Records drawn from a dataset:
§ §

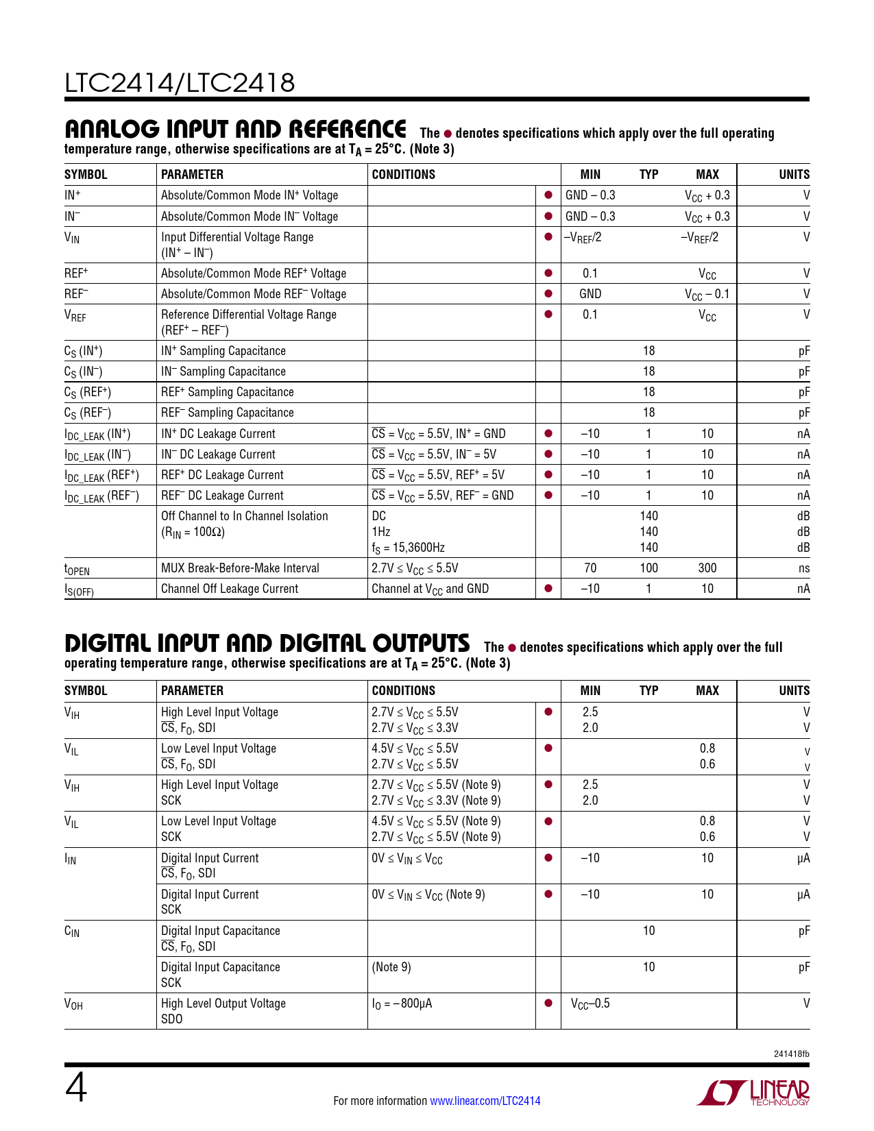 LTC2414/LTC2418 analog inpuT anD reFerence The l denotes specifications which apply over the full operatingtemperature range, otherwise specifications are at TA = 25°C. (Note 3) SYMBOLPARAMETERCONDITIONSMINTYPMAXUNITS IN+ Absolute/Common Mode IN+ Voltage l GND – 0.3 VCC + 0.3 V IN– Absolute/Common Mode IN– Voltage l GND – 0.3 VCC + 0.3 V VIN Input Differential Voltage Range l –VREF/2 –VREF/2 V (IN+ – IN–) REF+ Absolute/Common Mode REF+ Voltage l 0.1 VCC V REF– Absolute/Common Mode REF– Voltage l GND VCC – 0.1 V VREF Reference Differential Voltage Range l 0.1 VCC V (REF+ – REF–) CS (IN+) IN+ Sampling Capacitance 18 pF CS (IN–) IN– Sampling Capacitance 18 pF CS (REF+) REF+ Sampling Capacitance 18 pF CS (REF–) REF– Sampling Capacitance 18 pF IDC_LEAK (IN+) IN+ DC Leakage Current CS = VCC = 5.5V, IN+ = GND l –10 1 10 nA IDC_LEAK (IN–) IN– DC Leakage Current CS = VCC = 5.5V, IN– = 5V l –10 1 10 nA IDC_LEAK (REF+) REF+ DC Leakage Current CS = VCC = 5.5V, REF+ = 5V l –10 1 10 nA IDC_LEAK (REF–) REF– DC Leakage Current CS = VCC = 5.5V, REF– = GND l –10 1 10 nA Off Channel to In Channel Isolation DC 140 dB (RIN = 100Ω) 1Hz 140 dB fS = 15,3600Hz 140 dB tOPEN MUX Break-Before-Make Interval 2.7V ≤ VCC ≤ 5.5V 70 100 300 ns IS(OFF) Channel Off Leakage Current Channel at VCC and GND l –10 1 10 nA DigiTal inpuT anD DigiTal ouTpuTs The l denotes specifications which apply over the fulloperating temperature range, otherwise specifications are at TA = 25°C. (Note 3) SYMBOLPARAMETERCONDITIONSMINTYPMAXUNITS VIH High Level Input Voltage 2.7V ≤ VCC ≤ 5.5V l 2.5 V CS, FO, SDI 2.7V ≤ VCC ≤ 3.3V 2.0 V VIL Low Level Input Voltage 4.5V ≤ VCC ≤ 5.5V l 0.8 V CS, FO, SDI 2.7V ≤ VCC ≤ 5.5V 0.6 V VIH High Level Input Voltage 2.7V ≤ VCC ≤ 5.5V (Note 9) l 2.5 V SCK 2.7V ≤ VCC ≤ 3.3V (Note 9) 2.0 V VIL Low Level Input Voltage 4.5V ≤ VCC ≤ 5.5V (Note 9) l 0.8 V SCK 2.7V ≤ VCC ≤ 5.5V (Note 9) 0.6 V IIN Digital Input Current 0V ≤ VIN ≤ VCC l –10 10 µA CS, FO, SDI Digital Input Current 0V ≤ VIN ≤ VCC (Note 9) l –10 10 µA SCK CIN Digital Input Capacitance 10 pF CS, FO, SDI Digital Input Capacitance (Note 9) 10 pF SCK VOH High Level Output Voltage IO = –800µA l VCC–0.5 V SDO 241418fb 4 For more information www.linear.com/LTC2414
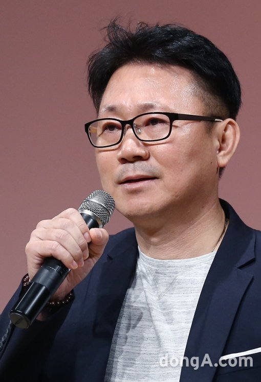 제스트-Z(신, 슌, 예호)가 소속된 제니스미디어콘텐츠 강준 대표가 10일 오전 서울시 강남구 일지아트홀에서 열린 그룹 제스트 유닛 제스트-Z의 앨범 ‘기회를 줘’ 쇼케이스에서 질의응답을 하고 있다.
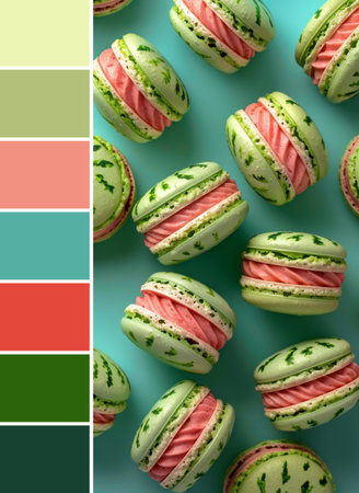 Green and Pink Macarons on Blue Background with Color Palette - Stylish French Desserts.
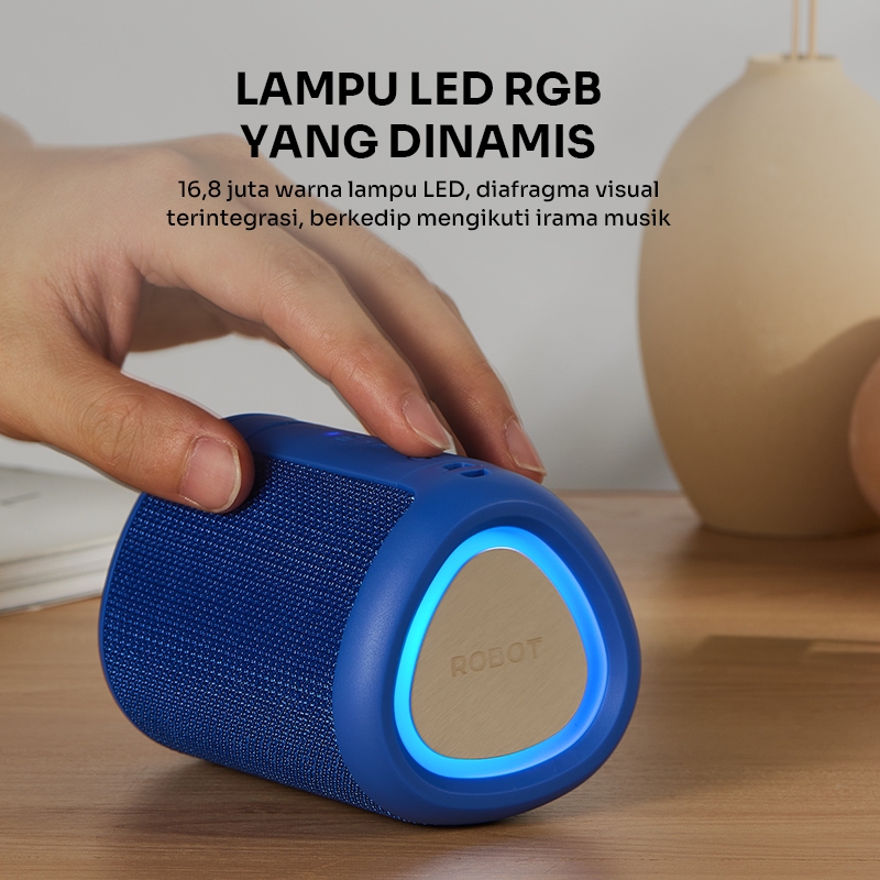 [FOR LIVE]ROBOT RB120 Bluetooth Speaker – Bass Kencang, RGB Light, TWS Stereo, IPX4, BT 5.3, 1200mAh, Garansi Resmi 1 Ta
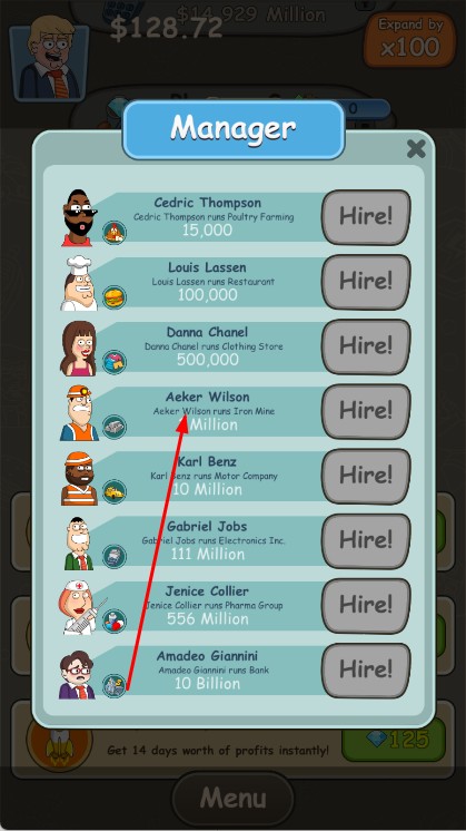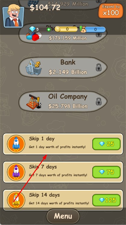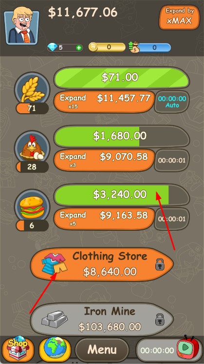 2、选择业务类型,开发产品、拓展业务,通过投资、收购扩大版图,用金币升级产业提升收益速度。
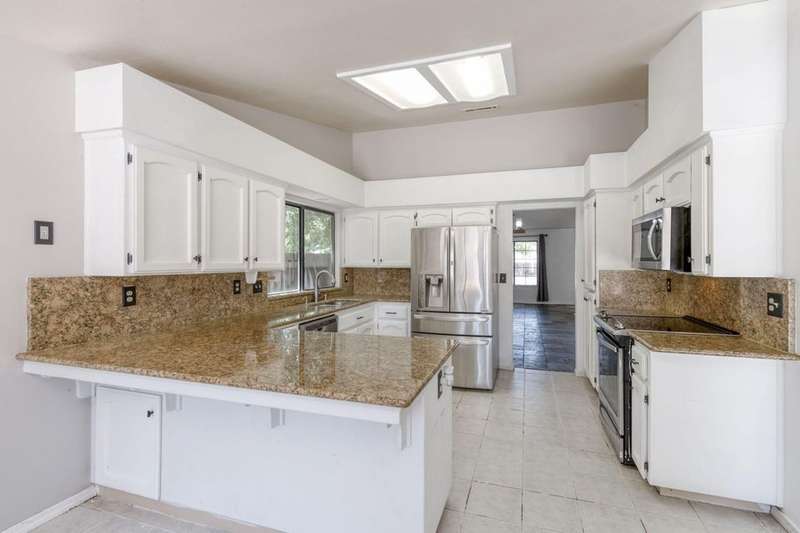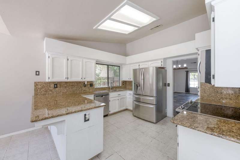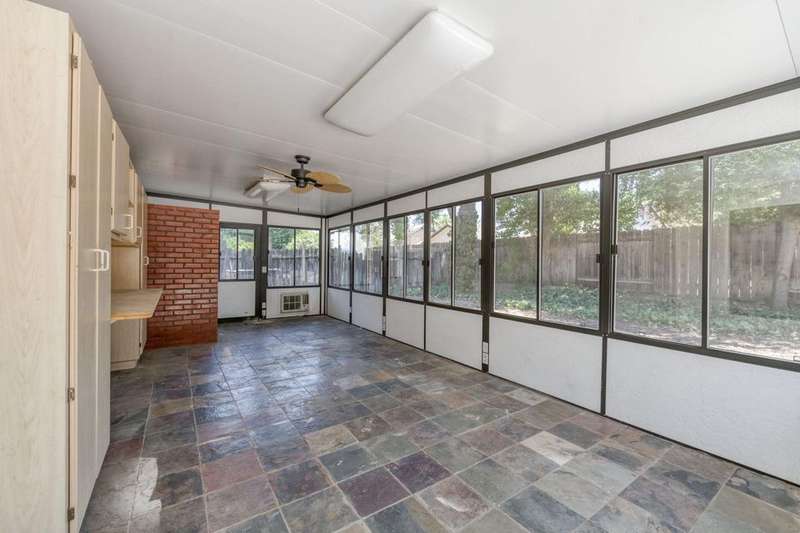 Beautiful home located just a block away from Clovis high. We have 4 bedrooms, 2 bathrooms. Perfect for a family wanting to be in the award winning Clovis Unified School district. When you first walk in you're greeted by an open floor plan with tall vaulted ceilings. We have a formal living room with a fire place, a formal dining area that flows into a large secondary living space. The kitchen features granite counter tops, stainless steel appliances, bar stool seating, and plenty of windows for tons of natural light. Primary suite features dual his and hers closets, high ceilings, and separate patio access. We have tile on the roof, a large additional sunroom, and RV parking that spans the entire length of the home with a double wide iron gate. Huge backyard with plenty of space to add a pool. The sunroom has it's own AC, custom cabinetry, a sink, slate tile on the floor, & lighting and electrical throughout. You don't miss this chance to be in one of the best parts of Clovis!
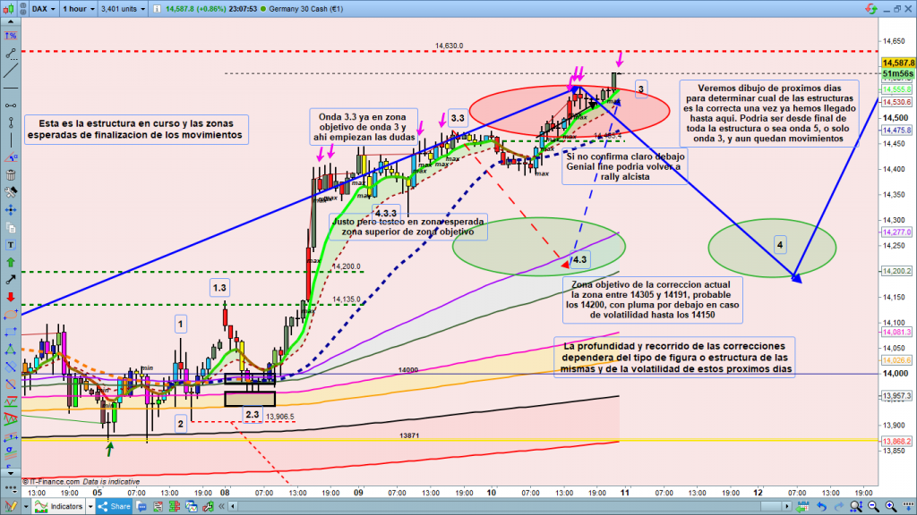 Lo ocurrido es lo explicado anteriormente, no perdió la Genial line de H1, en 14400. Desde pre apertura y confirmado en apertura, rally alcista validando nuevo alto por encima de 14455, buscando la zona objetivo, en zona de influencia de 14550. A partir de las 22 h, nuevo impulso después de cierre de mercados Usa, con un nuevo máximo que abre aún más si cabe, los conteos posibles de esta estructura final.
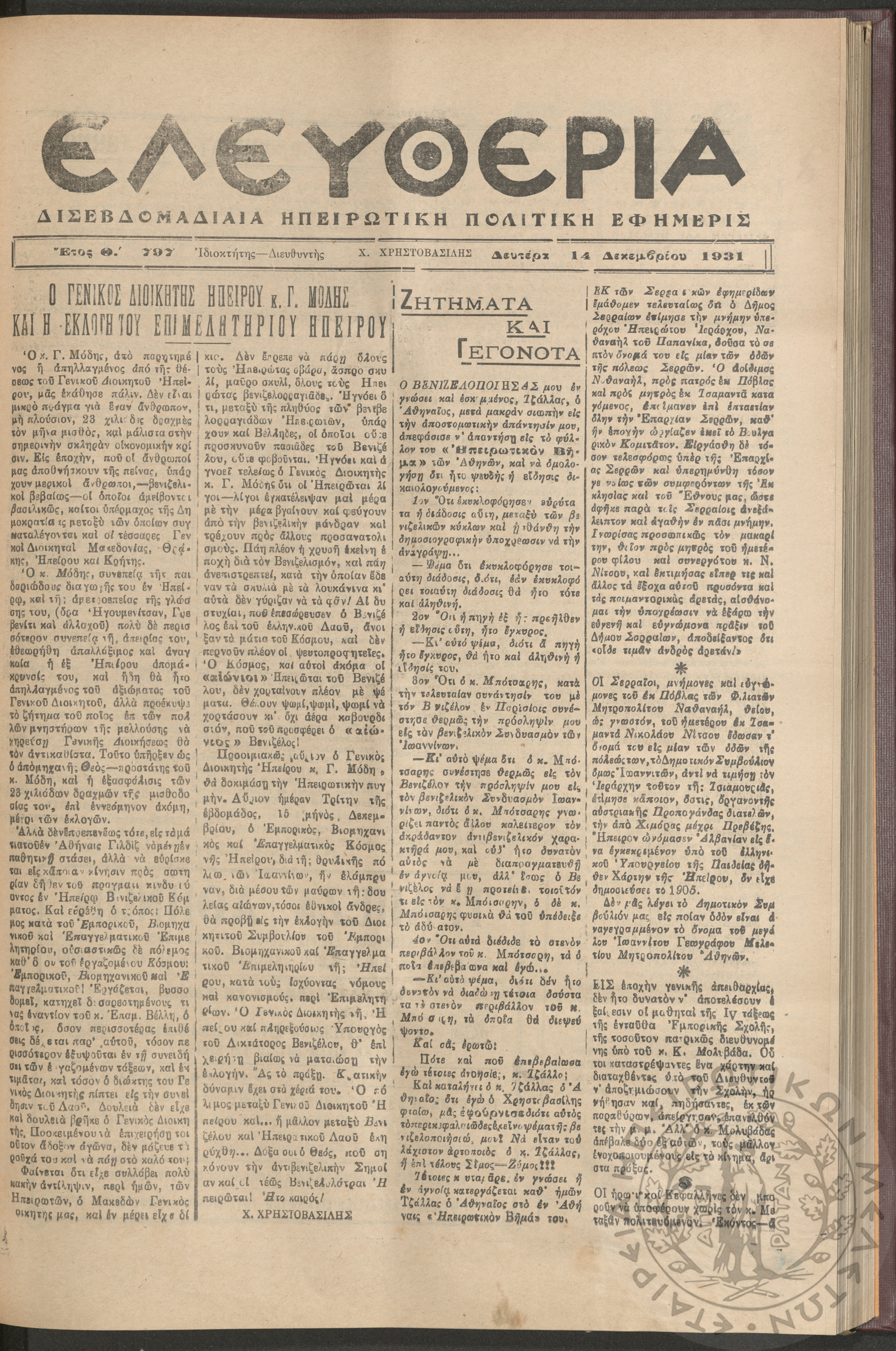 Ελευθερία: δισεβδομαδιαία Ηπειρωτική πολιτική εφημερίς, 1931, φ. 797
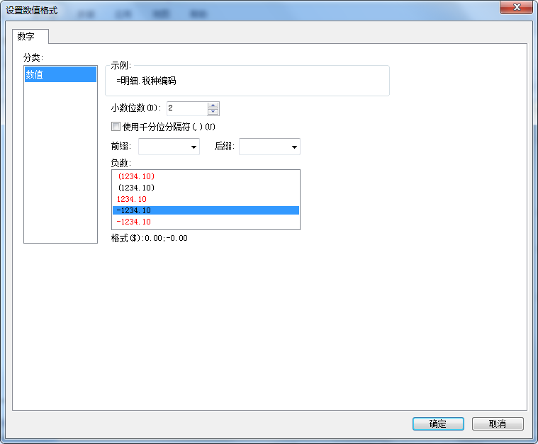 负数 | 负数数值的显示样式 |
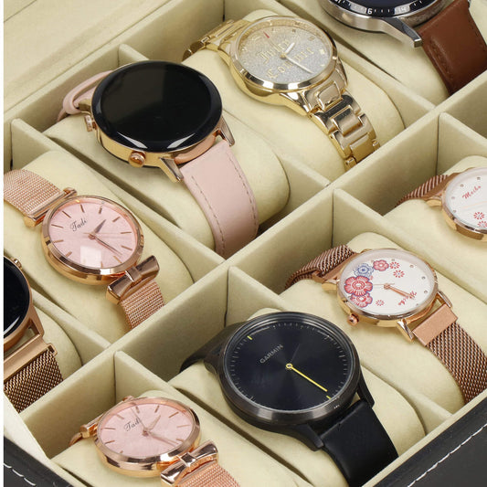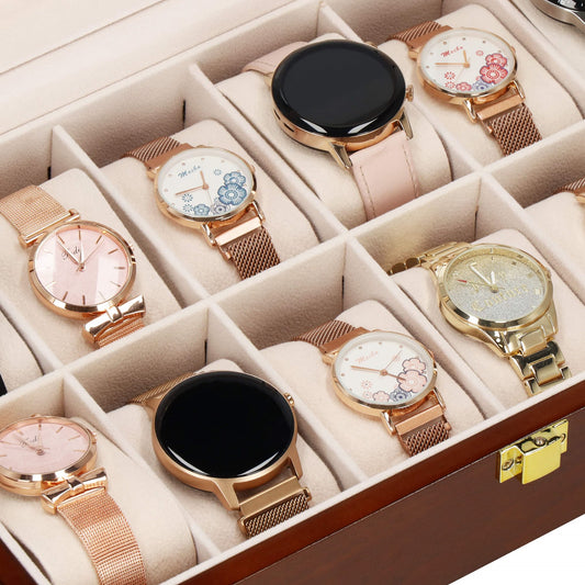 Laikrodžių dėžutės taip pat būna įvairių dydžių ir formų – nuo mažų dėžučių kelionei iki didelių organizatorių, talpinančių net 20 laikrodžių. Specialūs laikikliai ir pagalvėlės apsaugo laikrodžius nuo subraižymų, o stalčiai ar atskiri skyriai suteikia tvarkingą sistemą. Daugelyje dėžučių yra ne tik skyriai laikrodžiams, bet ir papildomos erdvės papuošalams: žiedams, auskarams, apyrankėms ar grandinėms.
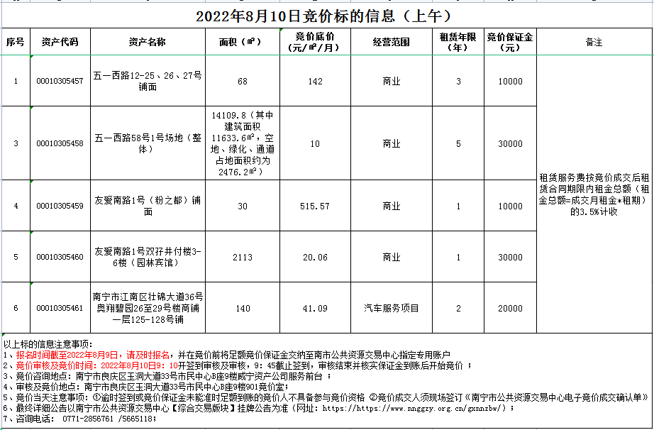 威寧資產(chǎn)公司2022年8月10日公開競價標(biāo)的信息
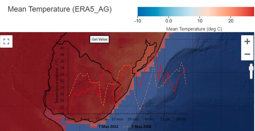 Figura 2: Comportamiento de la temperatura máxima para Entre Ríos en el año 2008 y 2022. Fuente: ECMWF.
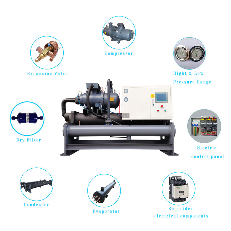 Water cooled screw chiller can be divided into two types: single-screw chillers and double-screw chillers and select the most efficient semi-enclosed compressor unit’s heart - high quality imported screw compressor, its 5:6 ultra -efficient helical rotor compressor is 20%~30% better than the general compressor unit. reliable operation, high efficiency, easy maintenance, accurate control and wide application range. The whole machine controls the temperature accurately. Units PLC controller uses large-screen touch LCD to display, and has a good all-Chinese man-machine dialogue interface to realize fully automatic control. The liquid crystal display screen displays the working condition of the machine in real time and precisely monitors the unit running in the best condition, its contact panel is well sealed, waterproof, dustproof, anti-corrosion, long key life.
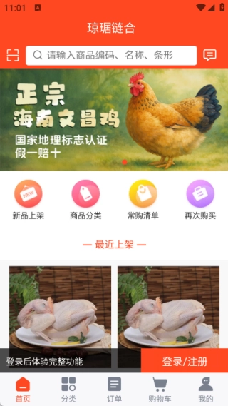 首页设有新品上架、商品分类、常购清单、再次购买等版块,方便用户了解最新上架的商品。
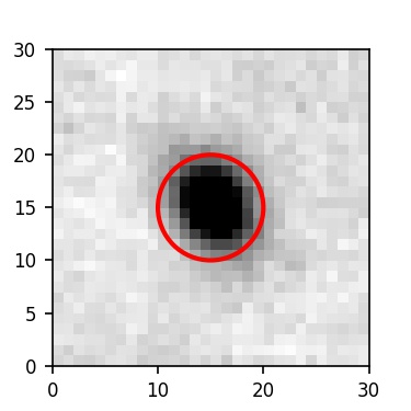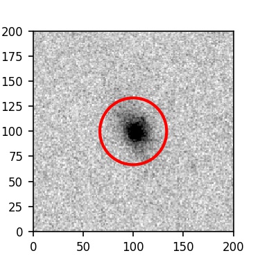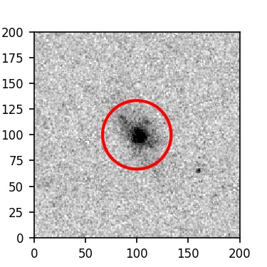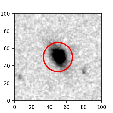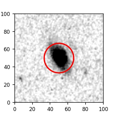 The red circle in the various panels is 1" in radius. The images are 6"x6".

§ §

Reproduce exactly the lines above that run from the one with "Ελευθερία: δισεβδομαδιαία Ηπειρωτική" to the one with "威寧資產(chǎn)公司2022年8月10日公開競價標(biāo)的信息", both included, leaving pictures out.

▶ Answer to this exercise
 Ελευθερία: δισεβδομαδιαία Ηπειρωτική πολιτική εφημερίς, 1931, φ. 797
 负数 | 负数数值的显示样式 |
 Laikrodžių dėžutės taip pat būna įvairių dydžių ir formų – nuo mažų dėžučių kelionei iki didelių organizatorių, talpinančių net 20 laikrodžių. Specialūs laikikliai ir pagalvėlės apsaugo laikrodžius nuo subraižymų, o stalčiai ar atskiri skyriai suteikia tvarkingą sistemą. Daugelyje dėžučių yra ne tik skyriai laikrodžiams, bet ir papildomos erdvės papuošalams: žiedams, auskarams, apyrankėms ar grandinėms.
 威寧資產(chǎn)公司2022年8月10日公開競價標(biāo)的信息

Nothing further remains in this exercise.